Ne içecek ne dibinde gezinecek bir kaç damla bulunmaz aradığında...



“Öyle saf öyle temizdi ki, hislerim öyle kalsın istedim”

Kuyunun duvarlarında bir kahkaha

Bırak bunları, bırak bunları

Şimdi bize martaval okuma



Göz göze geldiğim anlarda,

“Yurdum ol” dediğimi duysa

Ne işim olurdu karanlıkta, kuyuda…



Bir ömür mühürlerdim gözlerimi sevdasıyla

Sadece defterlerin sırtına,

Kalbimin zayıf duvarlarına yüklemezdim derdimi

Öbek öbek sözlerim fısıldanırdı kulaklarına.



Ah kalbim!

Onu gördüğüm her an yerinden çıkar

Beni yere çalar,

Düşürdüğün kaldırımlarda geceletirdin de



Arzunun kamçıları indikçe sırtıma

Hayır, öyle değil tertemiz sevdama dokunma diyerek başkaldırırdım sana



Dokunmanın sevda,

Dudakların mühür olduğunu kavradığımda çok uzaktım ona, aşka.

Gecenin siyahında hayalini alıp bile isteye

Kör kuyuya atladığım çok oldu yıllar boyu yokluğunda



Onun için mi hala dibinde kalmaktan korkmuyorum kuyuların

Ateşimle aydınlattığım karanlıklarda geçiyorum teninden ışığa



Merdivensiz kalmaktan zevklendiğim bu yerde

Sırlarıma kör kalan taşları sevdiğim doğrudur

Leb demeden leblebiyi anlasın istediğim leblerini hiç öpmediğim de.



Bırak beni” dediğim gündüzlerin özrünü

“Bırakma ellerimi” dediğim o gün gibi haykırıyorum gecelerde,

Sev beni, sev bizi

Gel düşüme,

Gitmediğin kalbime,

Kör kuyunun dibine,

Etime,

Titreyen lebime

Gözümde tüten özleme

Sönmek bilmeyen ateşe

Nefes nefese harlanan bize

Tek başıma bırakma beni bu kör kuyunun dibinde.


Yoksa buz kesen kalbim

İsli, ince bir dumanı kalan ateşim sönerken

Boğacak beni bu kuyuda

Susuzluktan ölsem de dokunmayacağım başka bir kova ile bana uzatılana


Çıkmak da istemiyorum

Baktıkça körleştiren ışığa


Nefeslendikçe hafızamı silen bahar korkutuyor beni

Yokluğunda dahi billur bir ırmak olup sayfalarca akan kalemime ihanet ettim

Unuttum bak demek için kül ettiklerimden geriye

Kelimelerin belini kıran bir kaç damla yaş bıraktı göz bebeklerim


Koca bir hayat kırığıymış meğer kendimi terk edişlerim.
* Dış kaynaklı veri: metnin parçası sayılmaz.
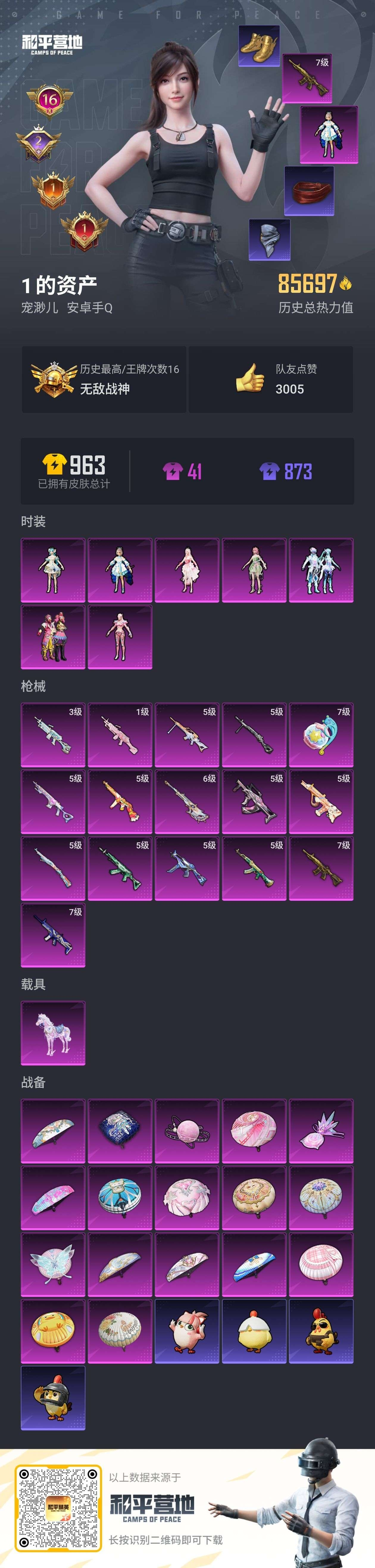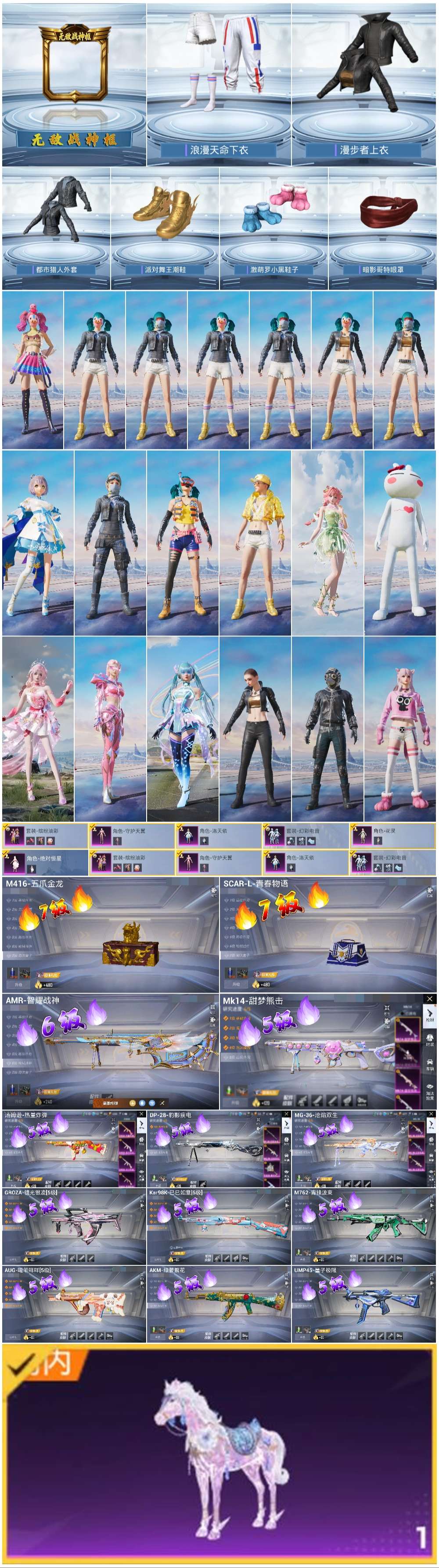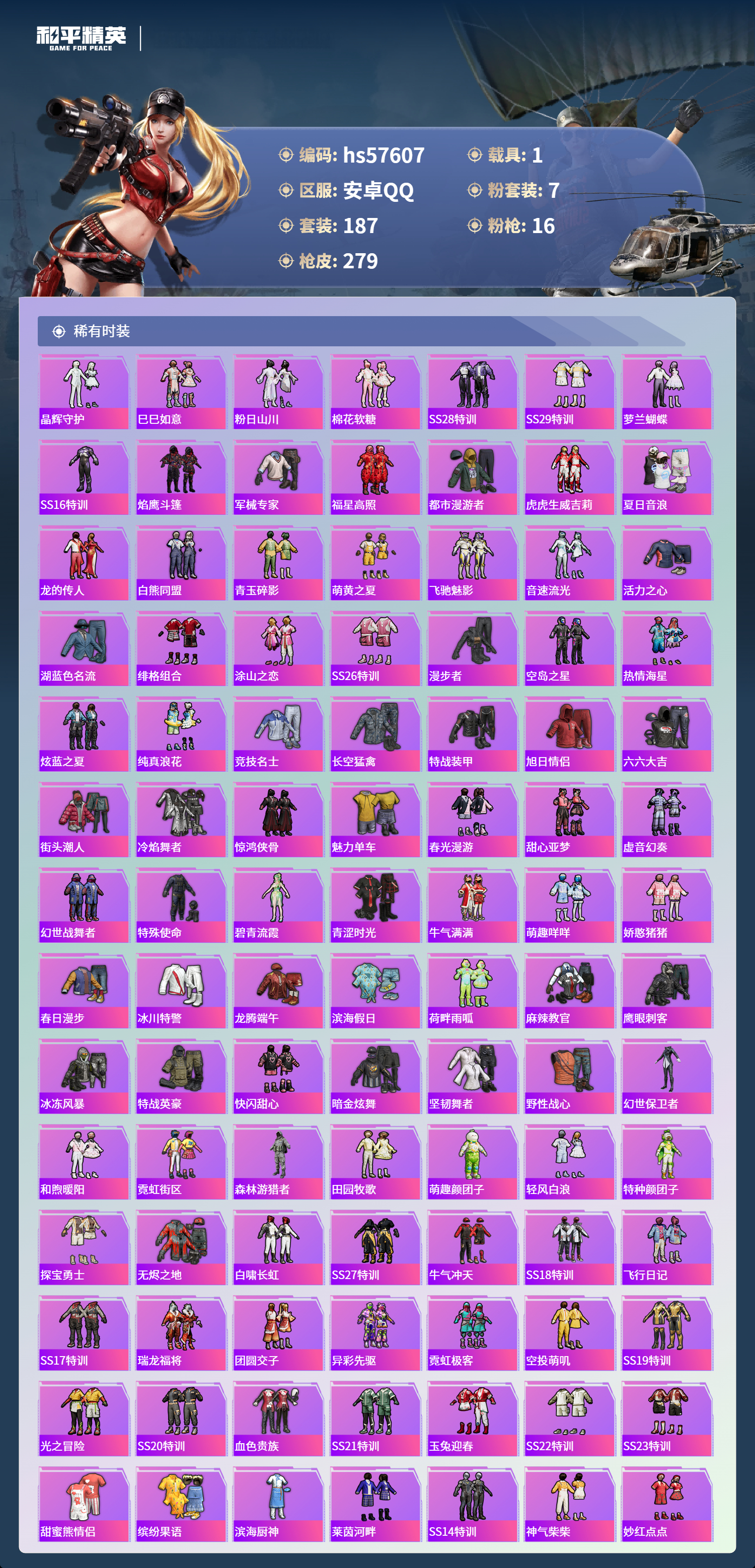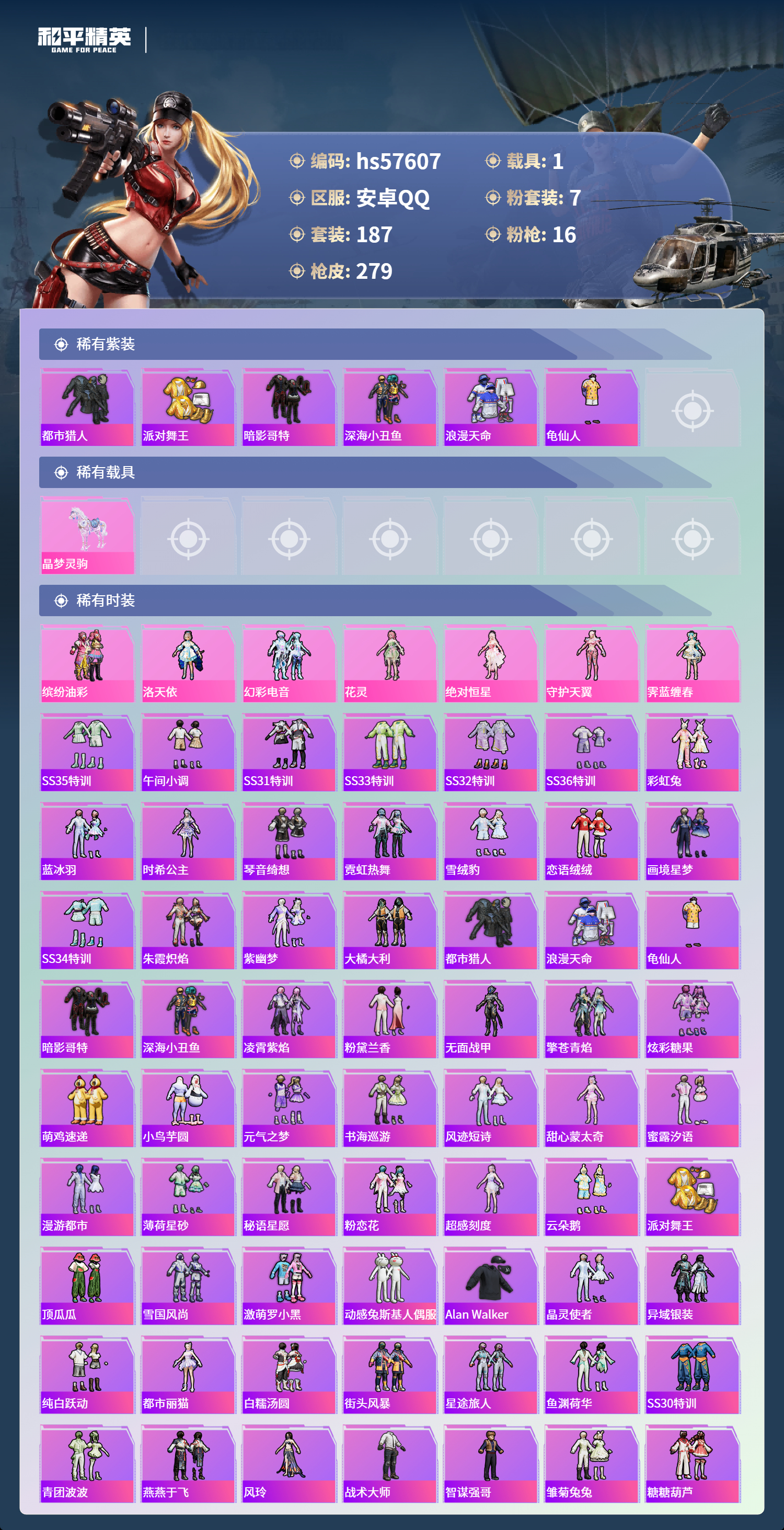 1载具-187套装-279呛皮-hs57607 安卓手q-16王牌印记-有战神框-7粉装-16特效呛-1载具-87457热力值-187套装-279呛皮-2卓越印记-1传奇印记【7粉装】角色-洛天依套装-缤纷油彩角色-绝对恒星角色-守护天翼角色-花灵角色-霁蓝缠春套装-幻彩电音【16特效呛】scar-l-青春物语/7级aug-暖羊咩咩/5级破片手留单-美味星星糖/7级m762-青锋波束/5级m249-霁蓝缠

Her sarsıntıda mağmadan sıcak nefesiyle

Başını uzatan turuncu bir alev gibi gözlerin


Balına uzanamamanın verdiği ızdırapla keçiboynuzu kemirmekle geçti günlerim

Şimdi bırak beni burada

Körkuyuda

Soğuk taşta

Akılsız başta

Kaçtıkça kaçasım gelen sığınakta


Gölgesi ısırmaz ya yılanın

Karanlıkta parlar gözlerim

Sanki bir başkasına aittir

Duvarda izlediğim film

Çok söze gerek yok işte

Tek kelime yeter hissedene

Tak sonuna ekini, kalbin sesini

Özlemek nedir hiç bildin mi?

“Özlendiğini hissedecek kadar şans

Rüzgar olup sardı mı nefesimle seni, hiç bilmedim ki!

İçimde yükseleni haykıracak kadar büyüse de şimdi kelimelerim

Bir tanesi söyleyeceğim:

“Özledim”



Handan Kılıç

NOT: Bu şiir, Eylül 2020 tarihli Yazı-yorum dergi tarafından e-kitap olarak yayımlanan GiRDAP isimli şiir seçkisinde yer almıştır.


Seslendirilmiş hali @hayatyaziyor adlı instagram sayfasında igtv videoları arasındadır.


 

Hiç yorum yok:

Yorum Gönder

Bırak Dağınık Kalsın sitesinde Çam Ağacının Gölgesinde vardı

  *Çam Ağanının Gölgesinde, Handan Kılıç’ın 2022 yılında çıkan romanı. Yazarın bu ilk roman fakat daha önce yayınlamış öyküleri var. Bir ilk...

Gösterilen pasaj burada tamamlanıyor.